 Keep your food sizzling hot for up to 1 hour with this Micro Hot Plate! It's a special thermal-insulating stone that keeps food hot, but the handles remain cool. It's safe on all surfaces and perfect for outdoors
==
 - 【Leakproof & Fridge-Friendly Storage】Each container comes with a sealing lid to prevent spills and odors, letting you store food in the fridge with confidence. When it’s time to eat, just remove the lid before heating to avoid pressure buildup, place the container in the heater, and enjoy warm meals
--
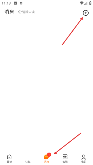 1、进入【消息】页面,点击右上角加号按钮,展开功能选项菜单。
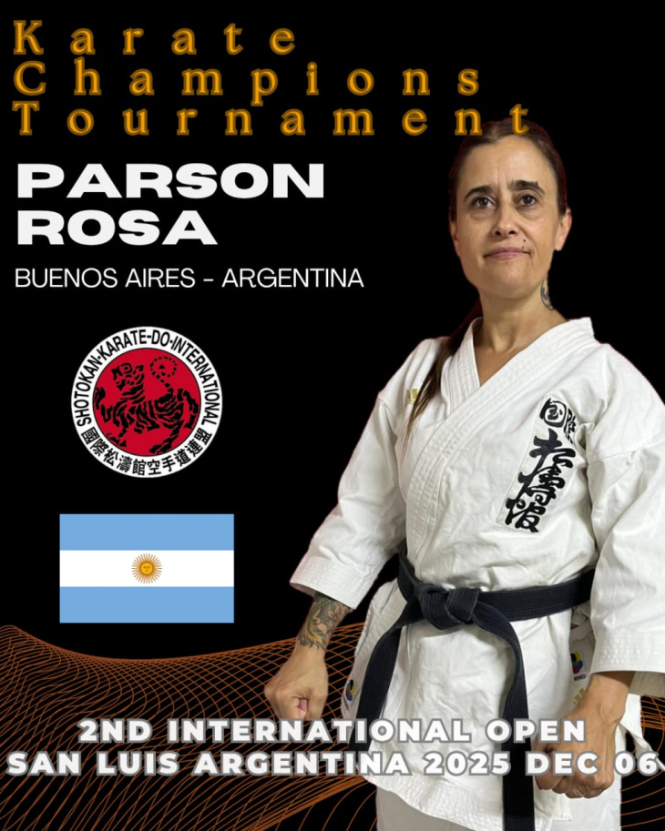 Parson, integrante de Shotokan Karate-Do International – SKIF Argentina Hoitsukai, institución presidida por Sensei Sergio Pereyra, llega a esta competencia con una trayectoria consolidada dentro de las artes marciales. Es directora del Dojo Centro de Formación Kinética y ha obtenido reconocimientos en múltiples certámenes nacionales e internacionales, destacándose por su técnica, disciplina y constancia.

— What is required —
Locate the word "food" in the entries, and copy every line where it is found.

— Your solution —
 Keep your food sizzling hot for up to 1 hour with this Micro Hot Plate! It's a special thermal-insulating stone that keeps food hot, but the handles remain cool. It's safe on all surfaces and perfect for outdoors
 - 【Leakproof & Fridge-Friendly Storage】Each container comes with a sealing lid to prevent spills and odors, letting you store food in the fridge with confidence. When it’s time to eat, just remove the lid before heating to avoid pressure buildup, place the container in the heater, and enjoy warm meals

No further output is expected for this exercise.